I have an ArrayList with two accessor methods and a notifier. My list:
private final List<WeakReference<LockListener>> listeners = new ArrayList<>();
All subscribe operations use this:
public void subscribe(@NonNull LockListener listener) {
for (Iterator<WeakReference<LockListener>> it = listeners.iterator(); it.hasNext(); ) {
// has this one already subscribed?
if (listener.equals(it.next().get())) {
return;
}
}
listeners.add(new WeakReference<>(listener));
}
All unsubscribe operations use this:
public void unsubscribe(@NonNull LockListener listener) {
if (listeners.isEmpty()) {
return;
}
for (Iterator<WeakReference<LockListener>> it = listeners.iterator(); it.hasNext(); ) {
WeakReference<LockListener> ref = it.next();
if (ref == null || ref.get() == null || listener.equals(ref.get())) {
it.remove();
}
}
}
And the notifier:
private void notifyListeners() {
if (listeners.isEmpty()) {
return;
}
Iterator<WeakReference<LockListener>> it = listeners.iterator();
while (it.hasNext()) {
WeakReference<LockListener> ref = it.next();
if (ref == null || ref.get() == null) {
it.remove();
} else {
ref.get().onLocked();
}
}
}
What I'm seeing in my testing is that it.next() in notifyListeners() occasionally throws a ConcurrentModificationException. My guess is that this is due to listeners.add() in the subscriber method.
I guess I had a misunderstanding of the iterator here.
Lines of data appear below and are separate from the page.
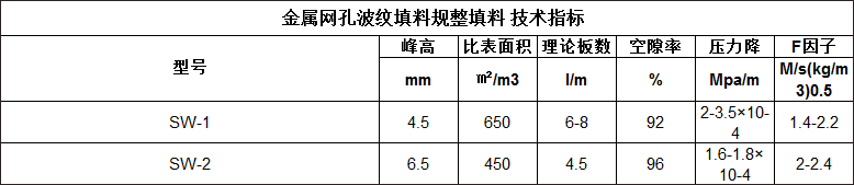網(wǎng)孔波紋填料SW-1/SW-2規(guī)整填料產(chǎn)品介紹:規(guī)整填料由于其結(jié)構(gòu)規(guī)則、均勻、對稱,規(guī)定了汽液流路,改善了溝流和壁流現(xiàn)象,具有阻力小、通量大、分流效率高等優(yōu)點,在精細化工、石油化工、化肥等眾多領(lǐng)域的塔器內(nèi)得到廣泛應(yīng)用。
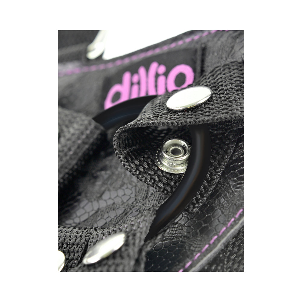 Two heavy duty adjustable nylon shoulder straps connected to a comfortable strap-on harness, this suspender system keeps a strap-on Dillio stays in place. The soft nylon shoulder straps, waist straps and thigh straps easily adjust to fit most sizes, while the smooth harness feels great against your skin. The included 6-in. Twister Dillio dildo can be removed from the silicone O-ring after the fun. The harness also works well with most suction cup dildos. Toy cleaner and lotion included.
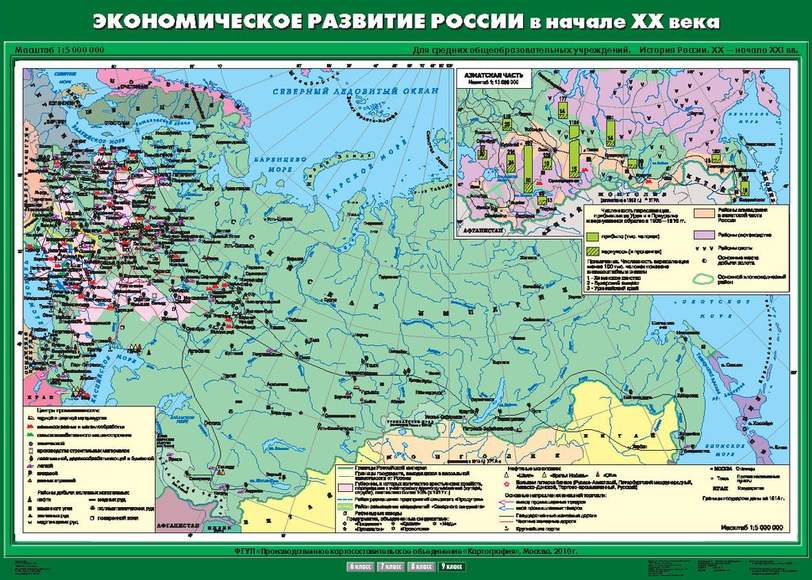 Описание Учебн. карта "Экономическое развитие России в начале XX в." (100*140)
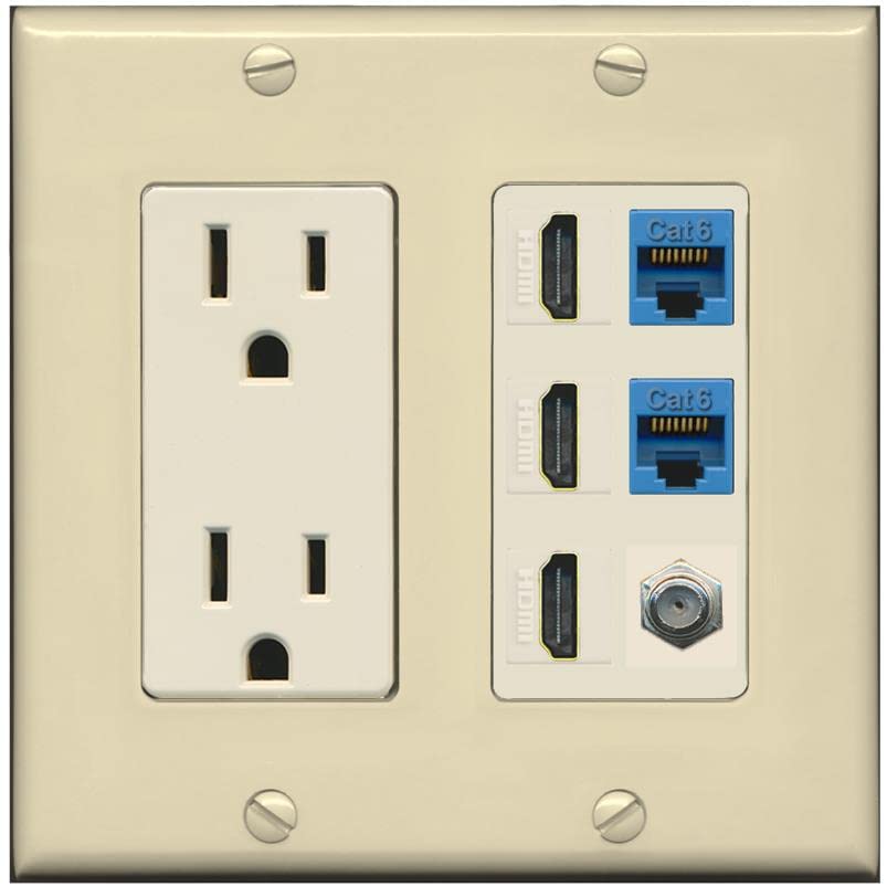 RiteAV 3 HDMI Wall Plate 2 Cat6 1 Coax - Outlet [Ivory/Light-Almond]
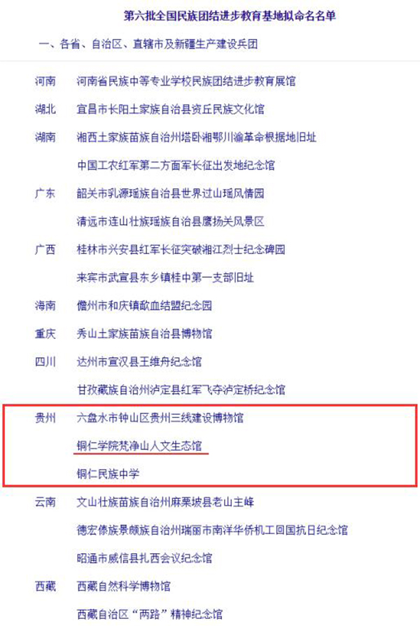 日前,国家民族事务委员会发布了《第六批全国民族团结进步教育基地拟命名名单公示》,全国共有61家单位入选,其中贵州省有3家单位入选,伟德官网梵净山人文生态馆名列其中。
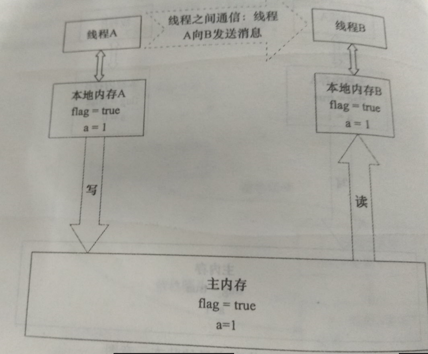 从图来看,如果线程A与线程B之间要通信的话,必须要经历下面2个步骤。
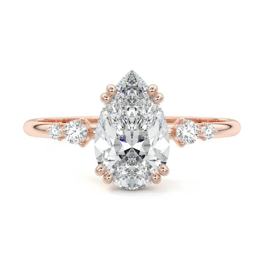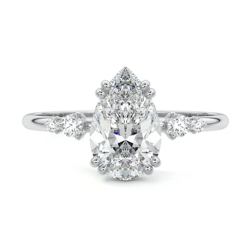 Pear-Cut Engagement Ring with Round Side Stones – ApolloGem
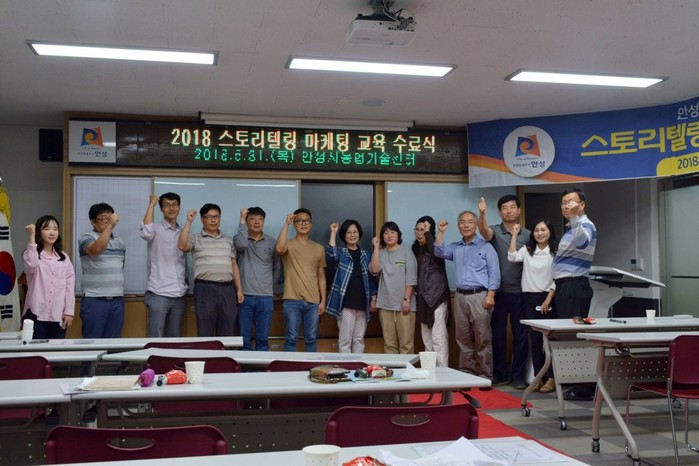 | ▲2018 스토리텔링 마케팅 교육을 받은 수강생들이 파이팅을 외치고 있다.(안성시 제공) |

I was under the assumption that iterating over the list protected me from concurrency issues caused by add/remove operations.
Apparently I'm wrong here. Is it that the iterator is only a protection from ConcurrentModificationException while changing the collection you're iterating? For example, calling remove() on your list while iterating would throw an error, but calling it.remove() is safe.
In my case, subscribing calls add() on the same list as it is being iterated. Is my understanding here correct?